Nov. 20 (Bloomberg) -- Morgan Stanley is in talks to sell its global oil business to OAO Rosneft, Russia’s largest petroleum producer, a person briefed on the discussions said.
The talks are in early stages and a deal may not be reached, said the person, who asked not to be identified because the matter is private. The bank hasn’t discussed selling its entire commodities unit to Moscow-based Rosneft and may remain in some oil derivative businesses even with a sale, the person said.
Morgan Stanley Chief Executive Officer James Gorman has been exploring options for the commodities business for more than a year as the unit faces lower revenue and scrutiny from regulators who are reviewing banks’ activities in the sector. Gorman, 55, also has been trying to shrink the amount of capital dedicated to the fixed-income and commodity division in his quest to boost the bank’s return on equity.
Mary Claire Delaney, a spokeswoman for the New York-based bank, declined to comment, as did a spokeswoman for Rosneft, who couldn’t be identified due to company policy. SparkSpread, an online energy publication, reported the talks yesterday.

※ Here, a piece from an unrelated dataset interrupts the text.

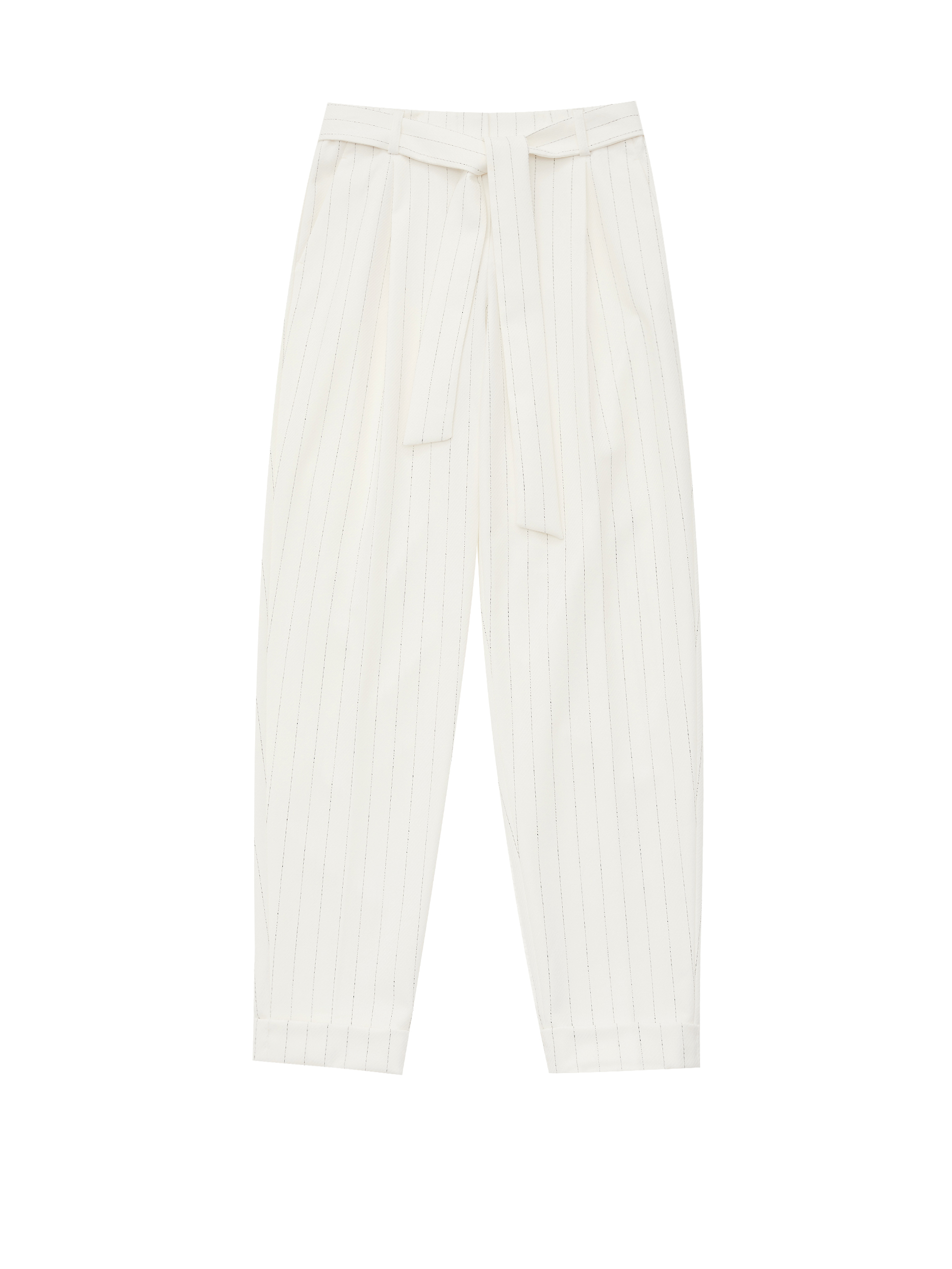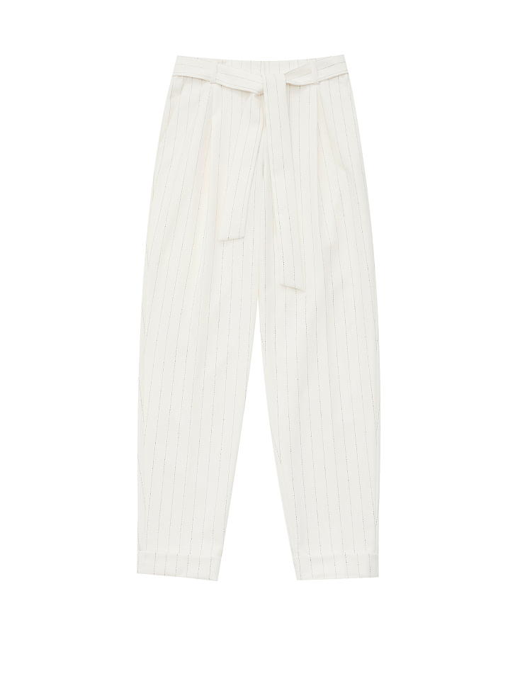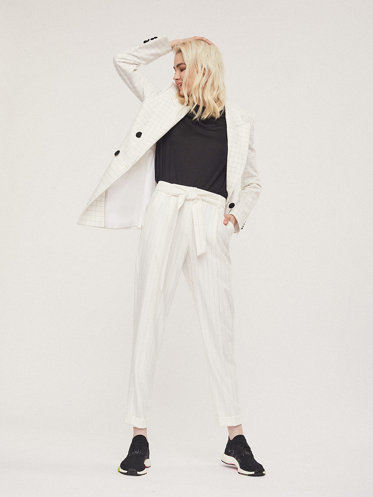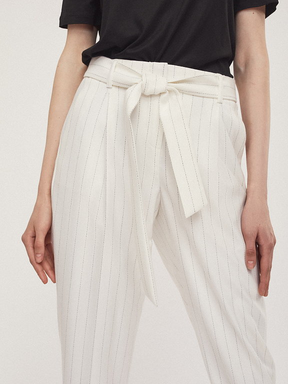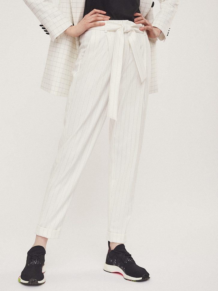 Брюки зауженного кроя с поясом в тон. На талии заложены складки. Боковые карманы.Низ брюк с отворотами.

State-run Rosneft became the world’s largest publicly traded oil producer by volume after completing the $55 billion purchase of TNK-BP, Russia’s third-biggest producer, in March. Rosneft is also boosting its natural gas business by acquiring a stake in the SeverEnergia venture and assets from OAO Alrosa and Itera.
Any sale would probably include TransMontaigne Inc., a Denver-based petroleum and chemical transportation and storage company, and the bank’s 49 percent stake in Heidmar Inc., based in Norwalk, Connecticut, which manages about 100 oil and chemical tankers, the person said.
The oil unit represents a major part of the firm’s commodity business, which is run by Simon Greenshields and Colin Bryce, both 57, and also includes a large gas and power unit and a smaller metals business. In 2011, oil accounted for about 45 percent of the business, Glenn Schorr, then a Nomura Holdings Inc. analyst, said in a research note at the time.
Chief Financial Officer Ruth Porat, 55, said in July that the oil liquids market “over time, has been the most important driver of our commodities business.”
Morgan Stanley’s commodity business posted a return on equity of less than 5 percent in 2012, the lowest among its trading businesses. The firm cut 10 percent of its workforce in the division this year and held talks in 2012 with Qatar’s sovereign-wealth fund about selling a stake in the business.
The Federal Reserve is examining legal and regulatory exemptions that allow banks to participate in the commodities markets, a person briefed on the process said last month. Morgan Stanley is covered by a 1999 law that grandfathers any commodities operations it had before Sept. 30, 1997.
Commodity trading revenue at the 10 largest global investment banks fell 18 percent in the first nine months of the year to $4 billion, industry analytics firm Coalition Ltd. said in a report this month.